Aim of the exercise:
Print, exactly as they stand, the lines below from the one that has "The image features" to the one that has "Wiązany halter i", inclusive, leaving out the pictures.

Records for this exercise:
★ ★ ★ ★

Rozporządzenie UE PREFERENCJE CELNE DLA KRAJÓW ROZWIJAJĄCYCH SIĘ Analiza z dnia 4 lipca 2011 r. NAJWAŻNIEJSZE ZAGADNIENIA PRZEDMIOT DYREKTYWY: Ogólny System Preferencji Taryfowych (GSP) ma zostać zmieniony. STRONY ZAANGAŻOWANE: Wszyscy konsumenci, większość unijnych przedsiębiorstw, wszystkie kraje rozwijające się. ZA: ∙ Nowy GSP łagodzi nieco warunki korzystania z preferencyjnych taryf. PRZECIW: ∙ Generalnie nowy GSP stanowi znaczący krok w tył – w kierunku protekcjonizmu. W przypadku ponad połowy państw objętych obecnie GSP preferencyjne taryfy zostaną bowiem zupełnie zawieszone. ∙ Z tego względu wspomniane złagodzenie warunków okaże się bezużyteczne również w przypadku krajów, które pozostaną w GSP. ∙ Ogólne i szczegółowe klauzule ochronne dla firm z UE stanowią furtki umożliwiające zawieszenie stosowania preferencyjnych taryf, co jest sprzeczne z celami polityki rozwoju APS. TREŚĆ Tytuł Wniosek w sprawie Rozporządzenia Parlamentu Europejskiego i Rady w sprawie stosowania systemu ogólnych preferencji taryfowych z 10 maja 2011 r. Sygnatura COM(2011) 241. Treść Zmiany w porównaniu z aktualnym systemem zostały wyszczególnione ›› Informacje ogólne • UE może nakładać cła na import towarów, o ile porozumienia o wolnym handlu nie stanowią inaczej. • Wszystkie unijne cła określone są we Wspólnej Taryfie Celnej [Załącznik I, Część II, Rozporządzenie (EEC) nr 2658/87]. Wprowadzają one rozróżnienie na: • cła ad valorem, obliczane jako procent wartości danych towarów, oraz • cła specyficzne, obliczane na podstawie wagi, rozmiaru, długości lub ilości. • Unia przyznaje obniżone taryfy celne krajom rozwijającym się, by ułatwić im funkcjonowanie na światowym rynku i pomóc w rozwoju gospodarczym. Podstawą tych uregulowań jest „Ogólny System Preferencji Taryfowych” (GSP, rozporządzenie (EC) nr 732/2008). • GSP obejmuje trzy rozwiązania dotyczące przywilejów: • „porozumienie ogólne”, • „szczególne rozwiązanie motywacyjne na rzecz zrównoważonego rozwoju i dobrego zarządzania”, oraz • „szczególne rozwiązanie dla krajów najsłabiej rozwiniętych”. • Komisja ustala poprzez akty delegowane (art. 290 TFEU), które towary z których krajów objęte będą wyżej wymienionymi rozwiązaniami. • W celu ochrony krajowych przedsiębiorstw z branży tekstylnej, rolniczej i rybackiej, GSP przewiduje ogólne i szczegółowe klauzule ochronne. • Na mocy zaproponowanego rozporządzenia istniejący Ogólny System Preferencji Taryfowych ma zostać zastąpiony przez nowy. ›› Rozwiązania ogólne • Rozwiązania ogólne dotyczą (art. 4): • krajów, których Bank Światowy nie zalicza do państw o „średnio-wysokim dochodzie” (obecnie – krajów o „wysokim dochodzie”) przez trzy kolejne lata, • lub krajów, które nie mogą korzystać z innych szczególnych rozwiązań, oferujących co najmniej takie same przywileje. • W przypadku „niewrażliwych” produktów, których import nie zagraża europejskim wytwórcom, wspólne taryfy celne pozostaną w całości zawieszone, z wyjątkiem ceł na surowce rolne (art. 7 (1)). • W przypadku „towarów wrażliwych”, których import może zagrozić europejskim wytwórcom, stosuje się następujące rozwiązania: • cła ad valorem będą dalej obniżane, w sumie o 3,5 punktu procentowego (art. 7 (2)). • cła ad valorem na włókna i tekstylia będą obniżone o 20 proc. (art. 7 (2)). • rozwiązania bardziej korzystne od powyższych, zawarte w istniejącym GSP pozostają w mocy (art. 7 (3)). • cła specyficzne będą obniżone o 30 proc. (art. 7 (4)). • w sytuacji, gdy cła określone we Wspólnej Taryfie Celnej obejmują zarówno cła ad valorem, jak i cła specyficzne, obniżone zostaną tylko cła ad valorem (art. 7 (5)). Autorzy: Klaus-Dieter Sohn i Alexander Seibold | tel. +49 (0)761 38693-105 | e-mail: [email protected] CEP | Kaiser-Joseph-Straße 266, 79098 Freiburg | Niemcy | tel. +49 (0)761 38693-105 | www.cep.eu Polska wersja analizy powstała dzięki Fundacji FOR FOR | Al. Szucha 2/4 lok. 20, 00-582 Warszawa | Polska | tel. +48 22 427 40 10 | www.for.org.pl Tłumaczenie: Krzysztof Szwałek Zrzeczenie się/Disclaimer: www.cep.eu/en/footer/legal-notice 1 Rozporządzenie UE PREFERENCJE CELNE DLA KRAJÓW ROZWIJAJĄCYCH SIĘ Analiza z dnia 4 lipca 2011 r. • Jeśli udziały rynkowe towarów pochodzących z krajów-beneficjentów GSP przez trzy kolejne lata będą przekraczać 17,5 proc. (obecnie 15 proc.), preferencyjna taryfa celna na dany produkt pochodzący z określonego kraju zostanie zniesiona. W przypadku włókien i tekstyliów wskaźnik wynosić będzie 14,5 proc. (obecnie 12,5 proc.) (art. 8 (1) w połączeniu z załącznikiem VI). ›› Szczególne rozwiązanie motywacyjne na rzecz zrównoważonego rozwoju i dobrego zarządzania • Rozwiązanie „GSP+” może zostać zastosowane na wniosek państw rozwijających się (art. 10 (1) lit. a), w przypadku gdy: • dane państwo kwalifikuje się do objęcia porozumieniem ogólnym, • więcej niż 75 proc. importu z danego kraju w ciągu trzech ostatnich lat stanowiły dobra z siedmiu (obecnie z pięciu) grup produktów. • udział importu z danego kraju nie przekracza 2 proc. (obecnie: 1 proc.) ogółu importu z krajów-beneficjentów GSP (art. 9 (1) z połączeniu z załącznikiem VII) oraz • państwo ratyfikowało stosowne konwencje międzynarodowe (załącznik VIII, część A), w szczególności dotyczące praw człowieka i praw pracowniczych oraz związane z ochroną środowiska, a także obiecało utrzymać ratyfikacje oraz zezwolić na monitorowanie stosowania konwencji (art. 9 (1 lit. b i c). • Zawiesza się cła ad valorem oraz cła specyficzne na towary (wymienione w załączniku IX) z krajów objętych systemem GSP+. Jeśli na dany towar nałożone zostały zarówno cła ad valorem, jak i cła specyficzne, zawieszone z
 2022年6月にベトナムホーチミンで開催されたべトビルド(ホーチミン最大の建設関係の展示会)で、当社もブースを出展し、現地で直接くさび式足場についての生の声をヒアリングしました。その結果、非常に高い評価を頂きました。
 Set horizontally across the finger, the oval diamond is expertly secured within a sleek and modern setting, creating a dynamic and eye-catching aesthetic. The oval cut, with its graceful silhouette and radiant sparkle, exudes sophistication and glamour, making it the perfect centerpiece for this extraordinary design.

★ ★ ★ ★

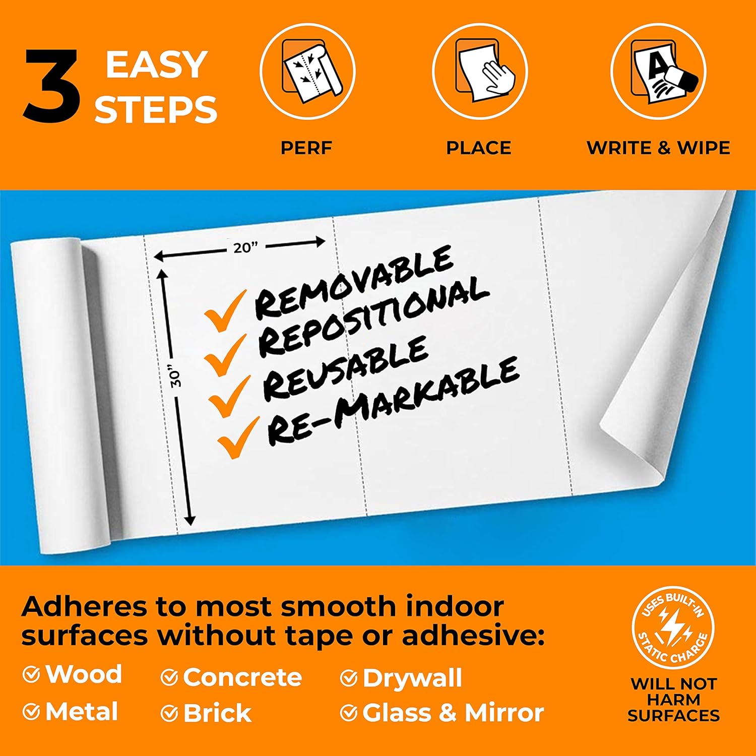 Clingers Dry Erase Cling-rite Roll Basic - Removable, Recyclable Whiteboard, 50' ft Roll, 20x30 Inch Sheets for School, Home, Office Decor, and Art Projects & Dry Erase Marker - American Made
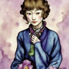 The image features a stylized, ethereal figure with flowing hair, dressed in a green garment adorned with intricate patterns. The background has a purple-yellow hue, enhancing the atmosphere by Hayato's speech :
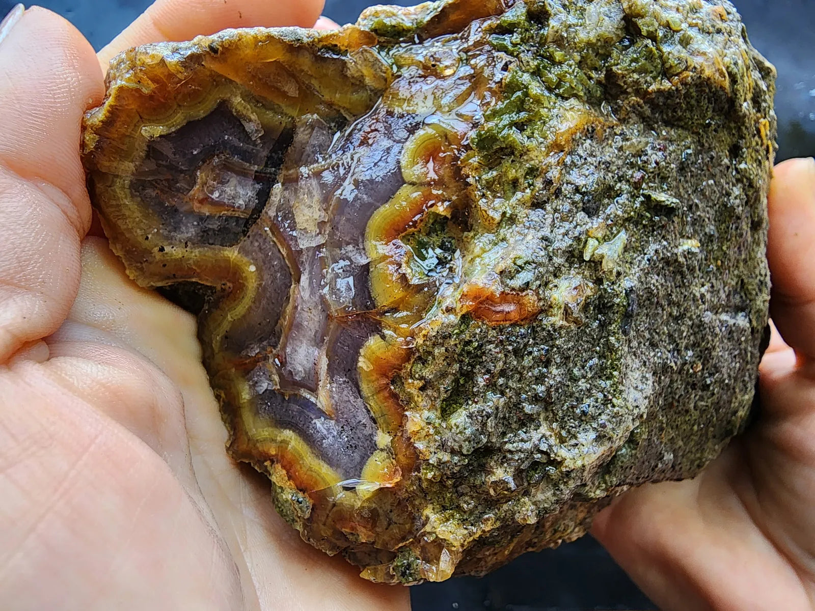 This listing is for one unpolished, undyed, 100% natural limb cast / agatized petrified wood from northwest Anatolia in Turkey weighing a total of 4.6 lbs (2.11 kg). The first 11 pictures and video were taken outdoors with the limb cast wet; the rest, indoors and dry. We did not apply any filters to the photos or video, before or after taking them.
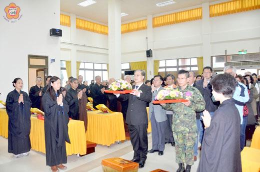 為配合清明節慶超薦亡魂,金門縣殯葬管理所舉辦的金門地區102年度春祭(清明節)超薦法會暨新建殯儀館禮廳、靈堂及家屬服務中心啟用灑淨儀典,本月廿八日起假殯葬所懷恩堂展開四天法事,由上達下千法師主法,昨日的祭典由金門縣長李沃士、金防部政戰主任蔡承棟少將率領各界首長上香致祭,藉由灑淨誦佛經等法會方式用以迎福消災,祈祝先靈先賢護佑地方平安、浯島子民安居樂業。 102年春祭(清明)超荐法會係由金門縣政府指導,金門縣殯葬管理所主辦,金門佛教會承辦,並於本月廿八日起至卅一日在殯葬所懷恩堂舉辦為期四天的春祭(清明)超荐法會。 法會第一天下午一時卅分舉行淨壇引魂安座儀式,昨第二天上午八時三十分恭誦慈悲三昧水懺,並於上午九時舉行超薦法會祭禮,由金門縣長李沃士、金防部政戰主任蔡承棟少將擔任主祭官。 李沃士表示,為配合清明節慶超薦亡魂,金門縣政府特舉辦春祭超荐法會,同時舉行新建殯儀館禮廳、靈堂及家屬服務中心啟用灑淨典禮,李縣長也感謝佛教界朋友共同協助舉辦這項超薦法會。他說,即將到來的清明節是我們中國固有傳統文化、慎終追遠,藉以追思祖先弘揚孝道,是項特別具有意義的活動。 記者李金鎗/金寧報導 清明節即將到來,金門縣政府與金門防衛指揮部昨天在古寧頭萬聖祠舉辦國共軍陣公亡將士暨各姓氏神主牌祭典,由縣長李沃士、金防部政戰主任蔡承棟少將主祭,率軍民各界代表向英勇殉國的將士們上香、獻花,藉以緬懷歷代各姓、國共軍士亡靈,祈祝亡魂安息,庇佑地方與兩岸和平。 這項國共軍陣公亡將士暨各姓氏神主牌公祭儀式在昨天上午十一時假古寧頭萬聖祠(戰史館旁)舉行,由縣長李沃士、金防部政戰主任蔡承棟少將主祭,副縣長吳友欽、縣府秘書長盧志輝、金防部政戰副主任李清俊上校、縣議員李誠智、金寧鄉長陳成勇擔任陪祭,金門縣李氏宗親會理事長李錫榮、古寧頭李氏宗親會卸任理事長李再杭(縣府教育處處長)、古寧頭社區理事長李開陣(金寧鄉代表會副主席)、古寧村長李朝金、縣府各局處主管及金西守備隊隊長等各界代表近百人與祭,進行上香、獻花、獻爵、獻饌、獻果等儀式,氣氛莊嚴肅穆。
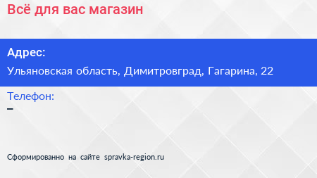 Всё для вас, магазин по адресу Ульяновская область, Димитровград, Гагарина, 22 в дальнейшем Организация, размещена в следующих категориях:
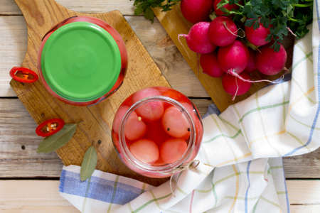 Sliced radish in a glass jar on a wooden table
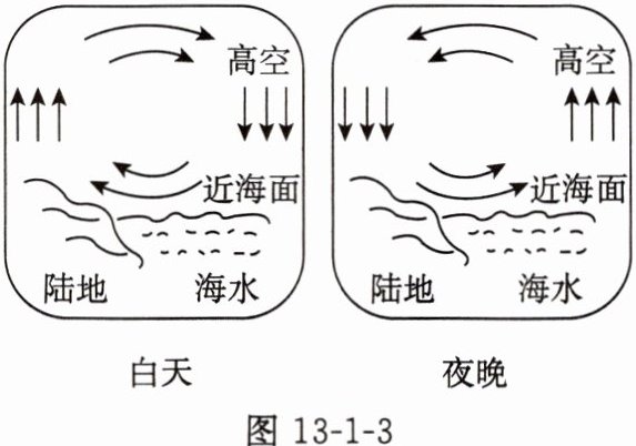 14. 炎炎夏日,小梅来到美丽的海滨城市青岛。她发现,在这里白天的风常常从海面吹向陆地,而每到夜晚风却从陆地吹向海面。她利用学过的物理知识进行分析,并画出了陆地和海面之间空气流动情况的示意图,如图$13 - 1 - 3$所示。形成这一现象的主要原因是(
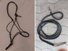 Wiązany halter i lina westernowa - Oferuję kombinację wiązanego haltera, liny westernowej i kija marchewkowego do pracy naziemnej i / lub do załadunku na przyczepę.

★ ★ ★ ★

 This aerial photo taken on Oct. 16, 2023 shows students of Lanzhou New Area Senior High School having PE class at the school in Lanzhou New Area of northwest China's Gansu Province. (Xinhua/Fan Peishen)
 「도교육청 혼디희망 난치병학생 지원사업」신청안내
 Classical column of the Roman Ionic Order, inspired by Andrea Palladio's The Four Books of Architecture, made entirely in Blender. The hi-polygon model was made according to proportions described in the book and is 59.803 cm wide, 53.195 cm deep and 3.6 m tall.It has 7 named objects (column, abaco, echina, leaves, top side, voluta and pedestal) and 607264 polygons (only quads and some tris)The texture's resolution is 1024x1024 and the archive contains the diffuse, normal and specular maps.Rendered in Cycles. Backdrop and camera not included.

★ ★ ★ ★

Response:
 The image features a stylized, ethereal figure with flowing hair, dressed in a green garment adorned with intricate patterns. The background has a purple-yellow hue, enhancing the atmosphere by Hayato's speech :
 This listing is for one unpolished, undyed, 100% natural limb cast / agatized petrified wood from northwest Anatolia in Turkey weighing a total of 4.6 lbs (2.11 kg). The first 11 pictures and video were taken outdoors with the limb cast wet; the rest, indoors and dry. We did not apply any filters to the photos or video, before or after taking them.
 為配合清明節慶超薦亡魂,金門縣殯葬管理所舉辦的金門地區102年度春祭(清明節)超薦法會暨新建殯儀館禮廳、靈堂及家屬服務中心啟用灑淨儀典,本月廿八日起假殯葬所懷恩堂展開四天法事,由上達下千法師主法,昨日的祭典由金門縣長李沃士、金防部政戰主任蔡承棟少將率領各界首長上香致祭,藉由灑淨誦佛經等法會方式用以迎福消災,祈祝先靈先賢護佑地方平安、浯島子民安居樂業。 102年春祭(清明)超荐法會係由金門縣政府指導,金門縣殯葬管理所主辦,金門佛教會承辦,並於本月廿八日起至卅一日在殯葬所懷恩堂舉辦為期四天的春祭(清明)超荐法會。 法會第一天下午一時卅分舉行淨壇引魂安座儀式,昨第二天上午八時三十分恭誦慈悲三昧水懺,並於上午九時舉行超薦法會祭禮,由金門縣長李沃士、金防部政戰主任蔡承棟少將擔任主祭官。 李沃士表示,為配合清明節慶超薦亡魂,金門縣政府特舉辦春祭超荐法會,同時舉行新建殯儀館禮廳、靈堂及家屬服務中心啟用灑淨典禮,李縣長也感謝佛教界朋友共同協助舉辦這項超薦法會。他說,即將到來的清明節是我們中國固有傳統文化、慎終追遠,藉以追思祖先弘揚孝道,是項特別具有意義的活動。 記者李金鎗/金寧報導 清明節即將到來,金門縣政府與金門防衛指揮部昨天在古寧頭萬聖祠舉辦國共軍陣公亡將士暨各姓氏神主牌祭典,由縣長李沃士、金防部政戰主任蔡承棟少將主祭,率軍民各界代表向英勇殉國的將士們上香、獻花,藉以緬懷歷代各姓、國共軍士亡靈,祈祝亡魂安息,庇佑地方與兩岸和平。 這項國共軍陣公亡將士暨各姓氏神主牌公祭儀式在昨天上午十一時假古寧頭萬聖祠(戰史館旁)舉行,由縣長李沃士、金防部政戰主任蔡承棟少將主祭,副縣長吳友欽、縣府秘書長盧志輝、金防部政戰副主任李清俊上校、縣議員李誠智、金寧鄉長陳成勇擔任陪祭,金門縣李氏宗親會理事長李錫榮、古寧頭李氏宗親會卸任理事長李再杭(縣府教育處處長)、古寧頭社區理事長李開陣(金寧鄉代表會副主席)、古寧村長李朝金、縣府各局處主管及金西守備隊隊長等各界代表近百人與祭,進行上香、獻花、獻爵、獻饌、獻果等儀式,氣氛莊嚴肅穆。
 Всё для вас, магазин по адресу Ульяновская область, Димитровград, Гагарина, 22 в дальнейшем Организация, размещена в следующих категориях:
 Sliced radish in a glass jar on a wooden table
 14. 炎炎夏日,小梅来到美丽的海滨城市青岛。她发现,在这里白天的风常常从海面吹向陆地,而每到夜晚风却从陆地吹向海面。她利用学过的物理知识进行分析,并画出了陆地和海面之间空气流动情况的示意图,如图$13 - 1 - 3$所示。形成这一现象的主要原因是(
 Wiązany halter i lina westernowa - Oferuję kombinację wiązanego haltera, liny westernowej i kija marchewkowego do pracy naziemnej i / lub do załadunku na przyczepę.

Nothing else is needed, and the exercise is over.